The Pimple and the Plague


A weird thing has been happening since staying home to avoid the corona virus. In my effort to not angst about the spread, I’ve strangely stopped caring too much about my appearance, maybe just to have one less thing to worry about. This might be partially fueled by the giant pimples I keep getting at the end of my nose. One goes away and another appears. What’s up with that? Who did I wrong in a past life to get end-of-nose-pimples at age 63?

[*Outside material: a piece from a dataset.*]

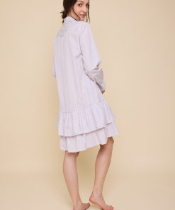 Long Sleeveless Nightiein Pink Stripe Shirting
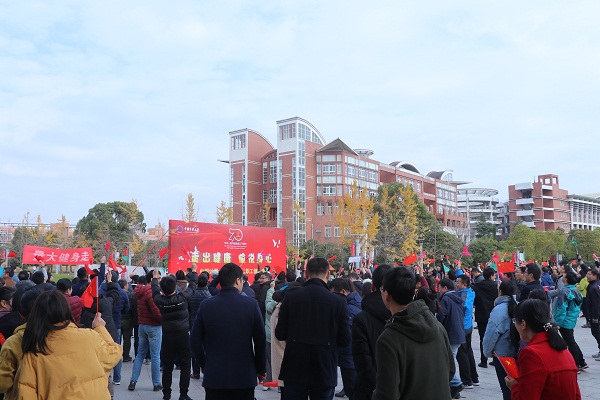 守初心,卌壹春秋無畏風雨兼程,擔使命,強健體魄思量國計民生。12月6日,為慶祝新中國成立70周年,營造我校良好的校園文化氛圍,校工會舉行2019年教職工“走出健康 愉悅身心”健身走活動,學校領導班子成員和近800名教職工一起以健身走的形式慶祝新中國成立70周年取得的偉大成就。

If I had to face someone from ten feet with my giant nose pimple, they wouldn’t even notice that I didn’t blow dry my hair, I’m wearing really ugly flats and unflattering, baggy jeans, or that I’m not wearing a bra? All they would see (and probably muttering to themselves):  ‘Tis a rock! …a peak! …a cape forsooth! ‘Tis a peninsular! Cyrano de Bergeracby Edmond Rostand 1897

Consequently, I have been walking around with no adornments, no restrictive clothing, and no thought to my appearance. It’s been liberating! Mirrors be damned!! I am curious to see how far this will go. Will I burn my bras and smash all my mirrors in one of my typical rebellious rantings? Or maybe I’ll just calmly get used to my new retired-self-isolation look and be an old crone.

There’s one positive aspect to social distancing is that people look a whole lot better at ten feet away. Maybe even after the virus, I should make ten feet from people my permanent comfort zone. I could wear a sign around my neck with giant letters legible from ten feet away. It might says: “Better At A Distance” or  “Approach At Your Own Risk”.

So I have to ask myself, even when the pimple goes away (it will won’t it?) will I begin to get all judgy again about my appearance? Or, will I continue the trend and shred and distress a long dress or gown, muddy it up a bit, and layer it with a few other raggy pieces? I’ll wear a leather bag filled with bones and herbs around my neck. Pimple on the nose and even warts, will be welcome.

This is only day two of self-quarantine. I’m not sick but who wants to be seen with a giant end-of-nose pimple?